The world is therefore suffering from “severe information disorder syndrome” (Sids), a viral attack not dissimilar to the 2003 severe acute respiratory syndrome outbreak. Freedom of information on the internet has allowed fake news to target vulnerable groups such as schoolchildren, through computational amplification (artificial intelligence manipulation of online views), filter bubbles and echo chambers that reinforce prejudices, eroding trust in evidence, institutions and truth.
It is bad enough that criminals, terrorists and fundamentalists are using social media to promote crime and discontent. It is worse when governments involved in geopolitical rivalry use social media to disrupt each other, such as cold war dissemination campaigns. Information viral attacks against each other create such fears that there is already talk of the splinternet – Balkanisation of the internet through national firewalls.
As Carothers and O’Donohue recognise, what makes Sids intractable is that severe polarisation damages all institutions essential to democracy, such as the police or judiciary. Polarisation poisons everyday interactions and relationships, dividing families, fellow workers and civil society, contributing to spikes in hate crimes and political violence. Worse, once society is deeply divided, it is very difficult to heal.
Governments cannot respond to divided societies with the speed and clarity which the public expects, precisely because there are no simple answers. Worse, freedom of information guarantees that neither the government, judiciary nor legislature can easily stop fake news, because it is difficult and costly to prove and punish.
In short, as long as fake news and echo chambers exist, there is no good way to counter the effects of Sids.

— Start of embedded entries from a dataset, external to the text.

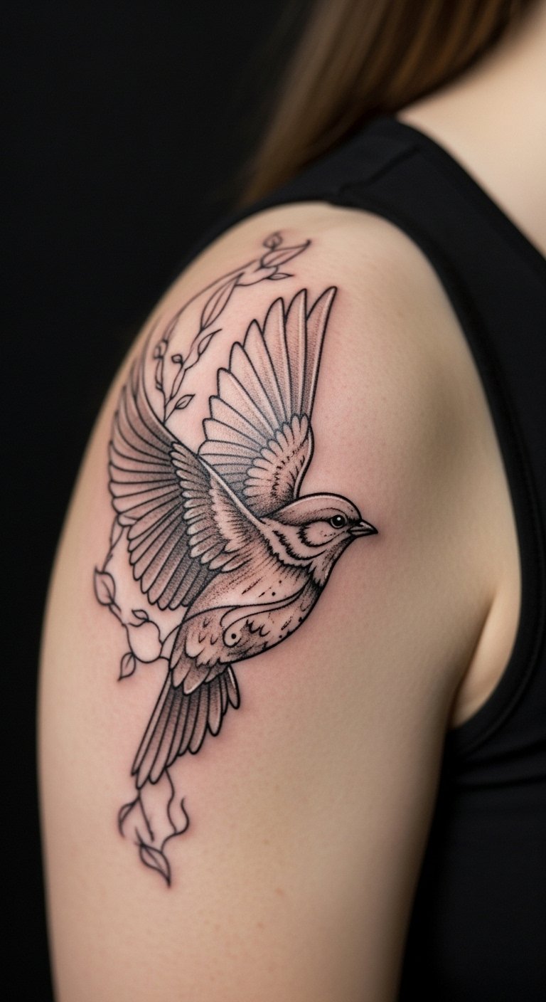 Bird tattoos for growth show journeys. Picture a transforming bird on your shoulder. It’s inspiring.
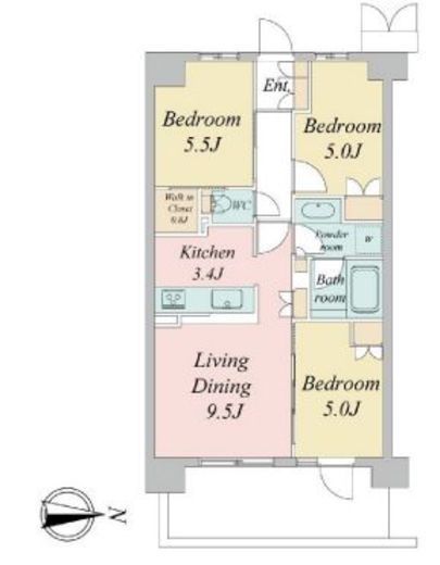 間取り | 3LDK+WIC | 専有面積 | 61.8m2 |
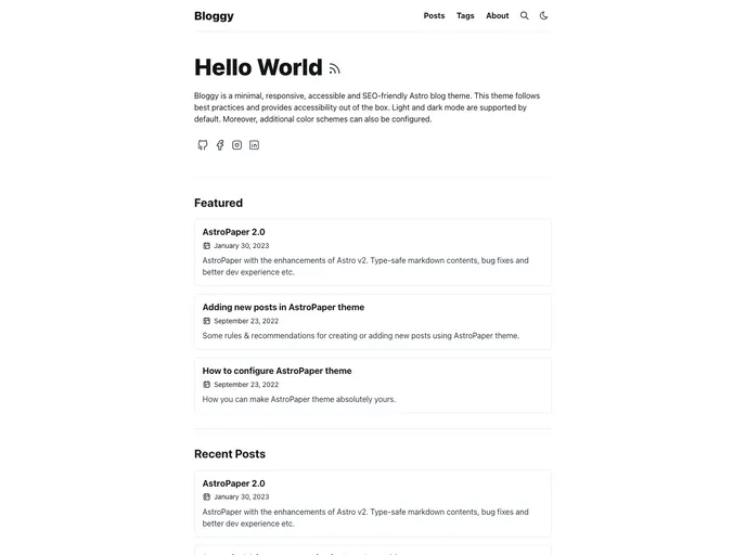 Bloggy is a fork of AstroPaper, a minimal, responsive, accessible, and SEO-friendly Astro blog theme. Bloggy introduces a modified design styled with Camome UI. It follows best practices and provides accessibility out of the box, supporting both light and dark modes. It also offers additional color schemes that can be easily configured. Bloggy is highly customizable and includes features such as type-safe markdown, super-fast performance, fuzzy search, draft posts, pagination, sitemap, RSS feed, and dynamic OG image generation for blog posts.

Even Google
is not immune to biases and echo chambers.
If these global tech platforms have hidden algorithms that perpetuate hate and polarisation, what can governments do about this? Last year, after the “yellow vest” protests erupted, French President Emmanuel Macron proposed a Paris Call for Trust and Security in Cyberspace, supported by 75 countries and companies such as Microsoft and Huawei.

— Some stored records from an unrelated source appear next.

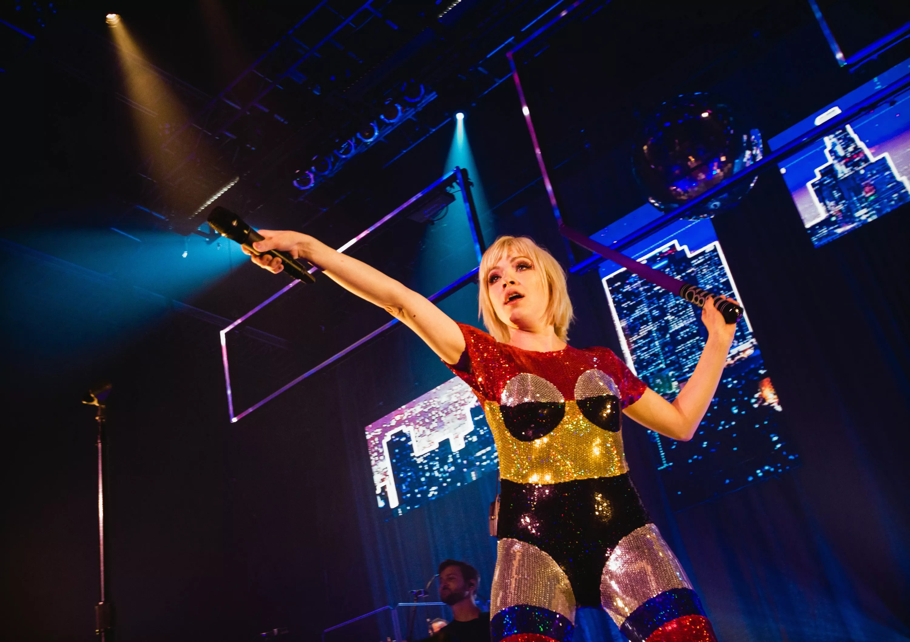 Jepsen’s set was stacked high with songs savoring and lamenting love from a variety of angles, reflecting and refracting sorrow and joy like the light bouncing off the disco ball mounted in the rafters above her. Backed by a six-piece band – four musicians and two backup vocalists – the ebullient Jepsen was greeted with a roar as she appeared and launched into “No Drug Like Me,” from Dedicated, her most recent studio album and the title of her tour, which stretches into October.
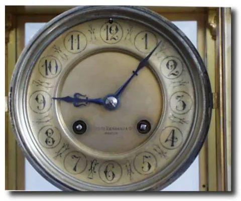 Case: Original gold finish on brass. Beveled glass. Works: French 8 day time and strike on gong. Reference: French Marble Clocks by Thorpe Condition: ...
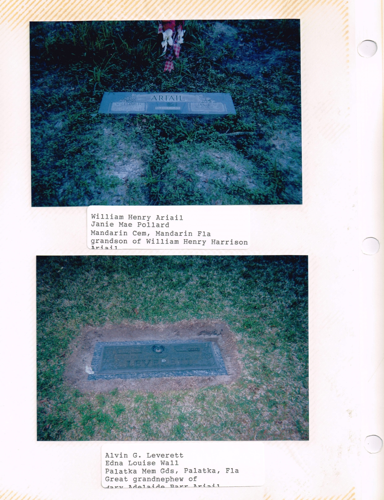 Top picture is marker for William Henry Ariail and his wife Janie Mae Pollard. William is the son of John Franklin Ariail. Bottom picture is grave marker for Alvin George Leverett, Jr., and his wife Edna Louise Wall. Alvin is a grand nephew of Mary Adelaide Barr, wife of William Harrison Ariail.
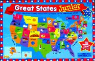 | DESCRIPTION - from the game Based on the best selling game, Great States!, this junior version provides the same fun, hurry-up action while introducing young players to the map of the 50 states. Find the shape! Find the picture! Find the name! Kids will have a blast searching the game board to find where things are as they travel along the red, white and blue game path. Even pre-readers can play! With a bit of help to get them started, pre-readers match the objects on the cards to the pictures on the board. Shipping Wt: Approx. 3.5 lbs. |
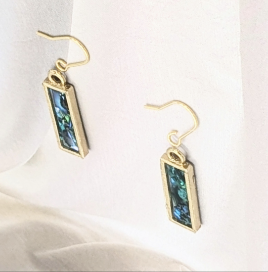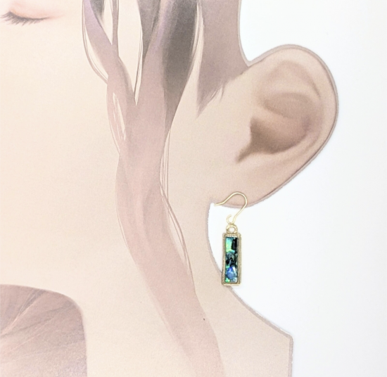 ゴールドメタルの枠に美しいグリーン螺鈿が輝く、エレガントで上品なピアスイヤリングです。独特の輝きを放つ螺鈿が、揺れるたびに煌めき、周囲の視線を引き付けます。その短冊の形状は、19☓7ミリというちょうどいい大きさで、洗練された装いにぴったりマッチします。
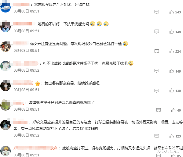 看到郑钦文的理由,很多网友也觉得无力反驳,认为她还是不在状态,基本功比不过对方,主要还是她自身原因,但愿她后续的比赛能有好成绩。
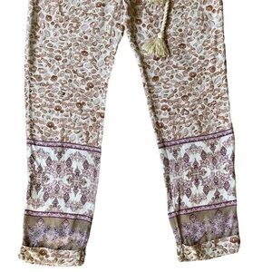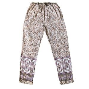 Anthropologie Ollari Boho Animal Print Pull On Tapered Realxed Summer Pants Sz M
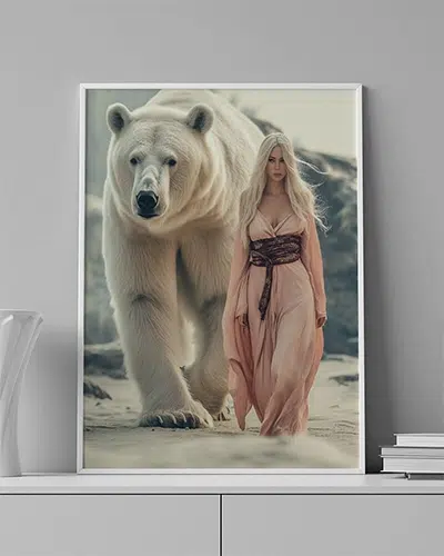 ENG: A dreamlike vision — a woman walks fearlessly into the unknown with her white bear.
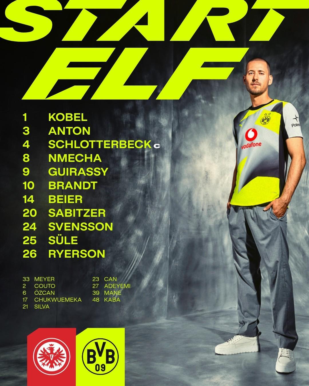 多特首发:1-科贝尔、3-安东、4-施洛特贝克、25-聚勒、26-瑞尔森、8-恩梅加、20-萨比策、10-布兰特、24-斯文松、14-拜尔、9-吉拉西

Unfortunately, key players such as the US, China, India, Brazil and Russia have not signed on.
We are therefore still far from addressing Sids viral attacks. We need not only cyberspace hygiene to prevent an information viral outbreak, but also global cooperation to regulate technology platforms and set up clear cyberspace rules. As long as the world is globally and locally polarised, expect more mass protests through vicious Sids outbreaks.